Saturated colors can be dialed back in post-production. But skin tones are tricky to modify. -Rory Gordon
When filming television shows or movies, skin tones really are the most important thing for directors of photography (DPs) to focus on. In the end, your viewers are looking at the actors and it’s the DP’s job to make them look as good as possible.
When deciding which fixtures to use on set:
- Measure spectral output, not brightest.
- Always compare the fixture’s color on skin tones and colorful objects to see how the objects react.
- Always take your control console into consideration. While Eos consoles are set up to work with all ETC fixtures, not all manufacturer’s consoles will be able to take full advantage of X8 array color mixing.
Rory Gordon https://auroragordon.com/
Rory Gordon is a colorist with over ten years of experience in color correction and an unending desire to make great pictures even better. She is one of the most experienced HDR colorists working in television and streaming, with experience finishing over 120 episodes in HDR10 and Dolbyvision. Her work has appeared on HBO, Starz, Amazon, Netflix, Fox, and others.
She absolutely loves both the art and science of light and imaging. Every day she is pulled to the color bay with joy and enthusiasm that is as fervent as the day she built her first basement darkroom many years ago. She works with cinematographers, showrunners, post-producers, and everyone in the pipeline to realize and polish ideas from pre-production to final end-user experiences. From dream to screen.
She is an expert in applied color science, pursuing continuing education with graduate-level coursework from her alma mater RIT, and she is a published author and speaker with the SMPTE Journal, HPA Tech Retreat, and an enthusiastic guest for organizations and podcasts that further explore color science and the overlap between psychophysics and art. She lives in Los Angeles with her partner James Gibson and their two cats.

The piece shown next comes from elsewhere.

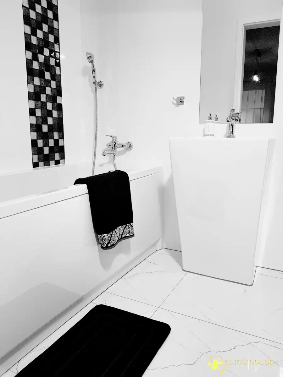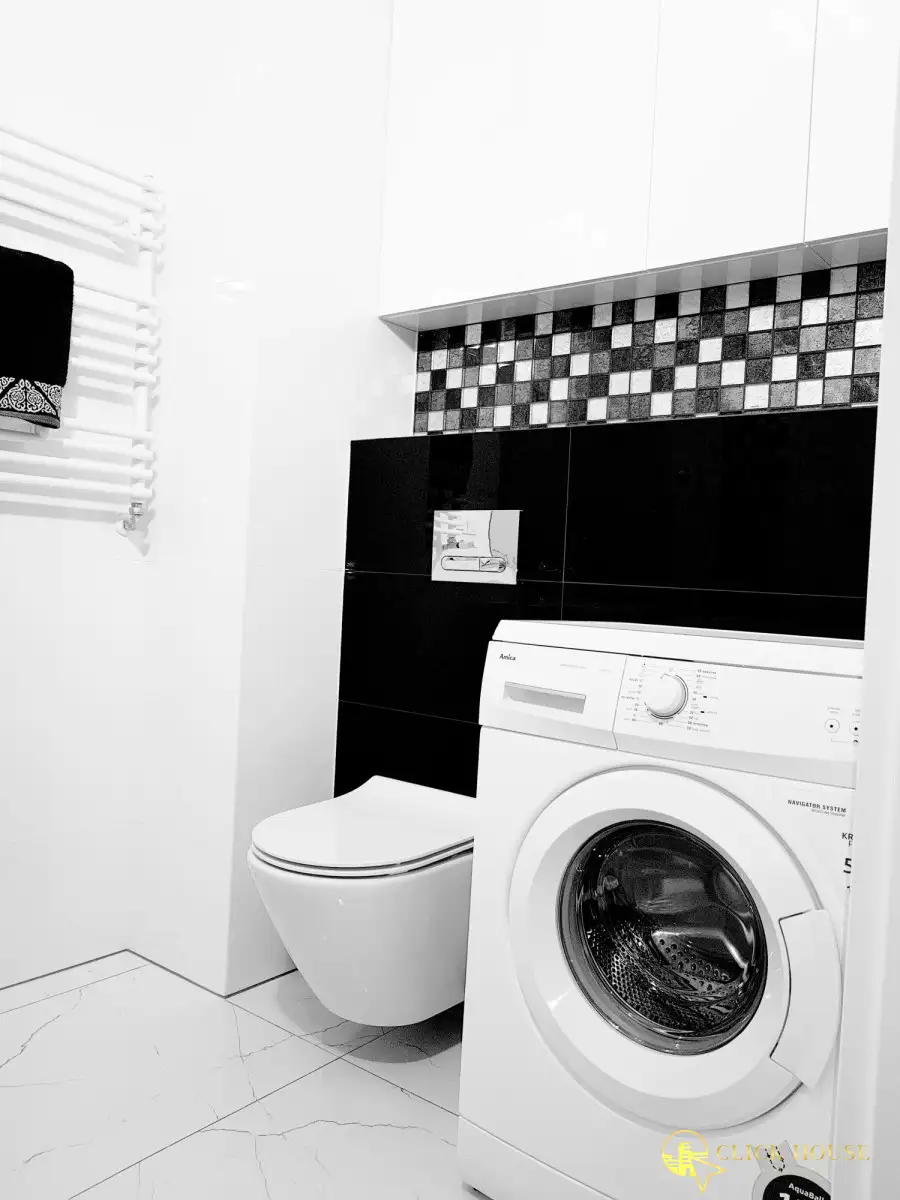 - łazienka z WC, wyposażona w wannę z funkcją prysznica oraz pralkę,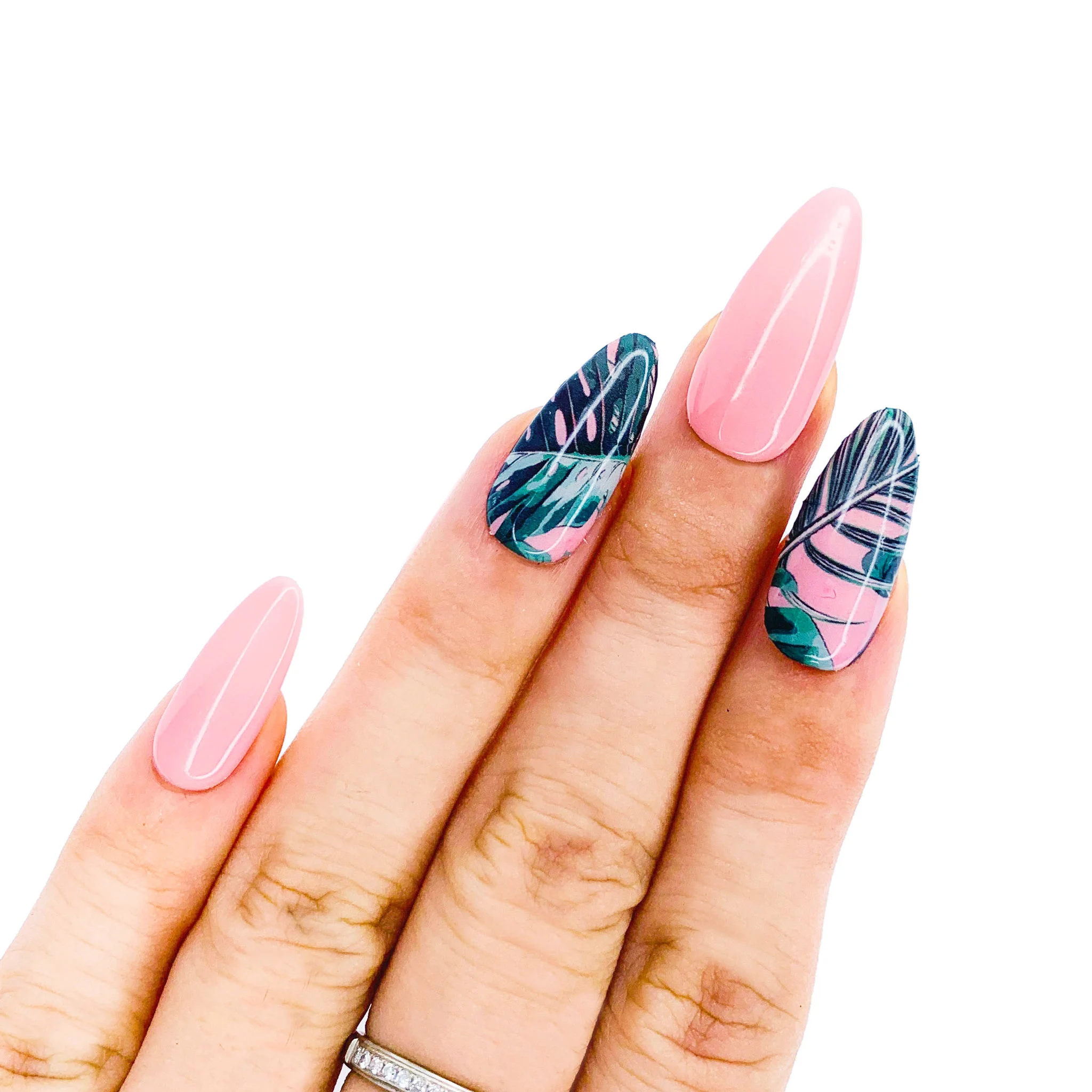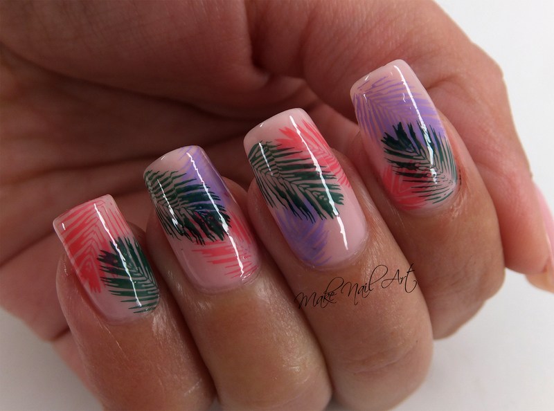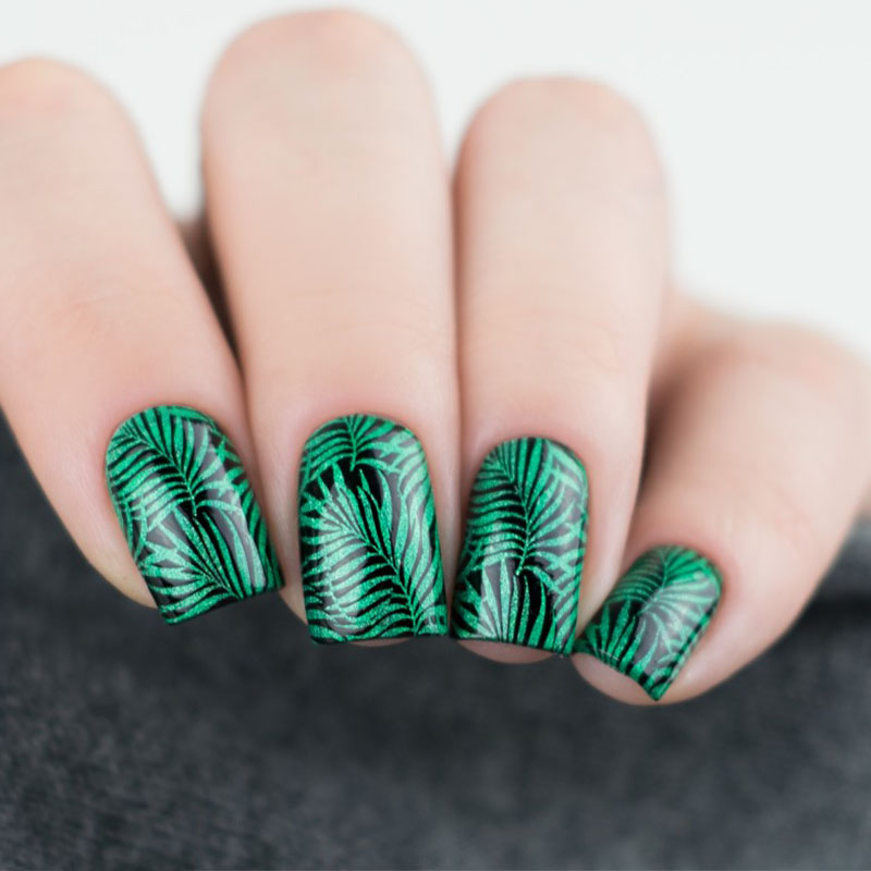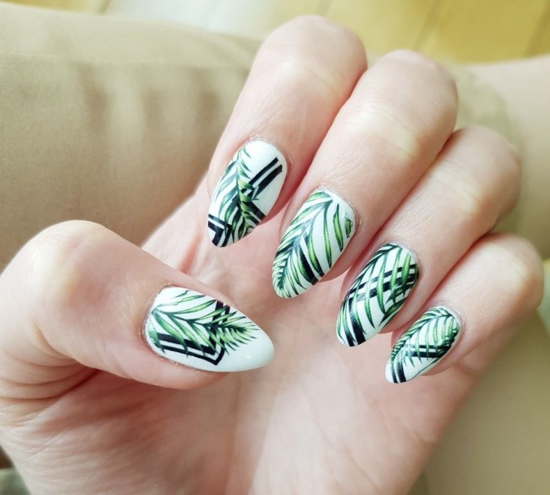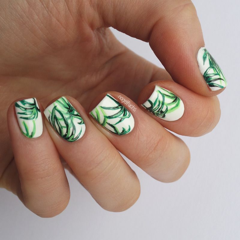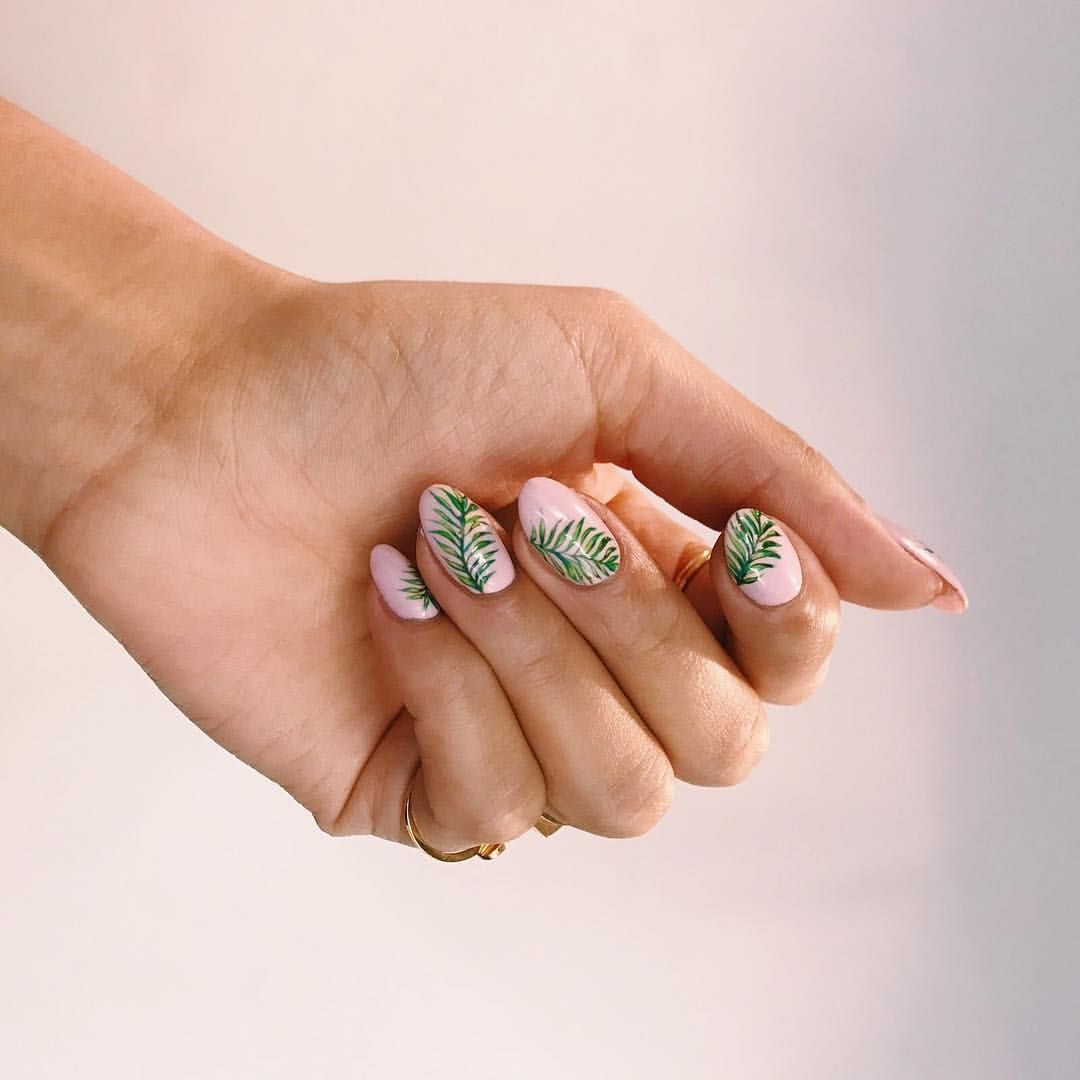 Совет: пальмовые ветки могут быть не только зелеными. Особый шарм маникюру придают разноцветные рисунки веток. Лучше всего размещать их на контрастном или нюдовом фоне.

Craig Kief https://www.craigkief.com/
Cinematographer Craig Kief’s impressive body of work spans numerous genres and styles. Kief shot two seasons of The Unicorn and lensed the pilots and first seasons for the 1970s-based period show The Kids Are Alright, the dramedy Me Myself and I, and the action comedy The Mick. Kief recently completed principal photography on The Muppets Haunted Mansion movie for Disney+, which was shot primarily inside an LED Volume using real-time 3D environments running in Unreal Engine instead of practical sets. Earlier, Kief shot the sophomore mockumentary film Tour De Pharmacy, rejoining the team behind 7 Days In Hell, both of which were for HBO.
In between long-form projects, Kief shoots commercials for clients such as Apple, Under Armour, Disney, AT&T, Google, and many others. He has also lensed dozens of music videos, including Lovett's 'Eye of the Storm', which earned Kief a nomination for best cinematography at Camerimage. His work has been covered in American Cinematographer, ICG, IndieWire, Post Magazine, and Cinefex.
Prior to working as a cinematographer, Kief spent several years working as a gaffer, and he graduated from the Florida State University Film School – where he received the ASC Gregg Toland Heritage Award Honorable Mention for one of his films.
He currently serves as co-chair of 3 committees at the ASC, including Future Practices - which is tasked with assisting cinematographers in deploying the latest technologies and techniques to work in the pandemic world. He was also recently an instructor in an ASC Master Class on Virtual Production.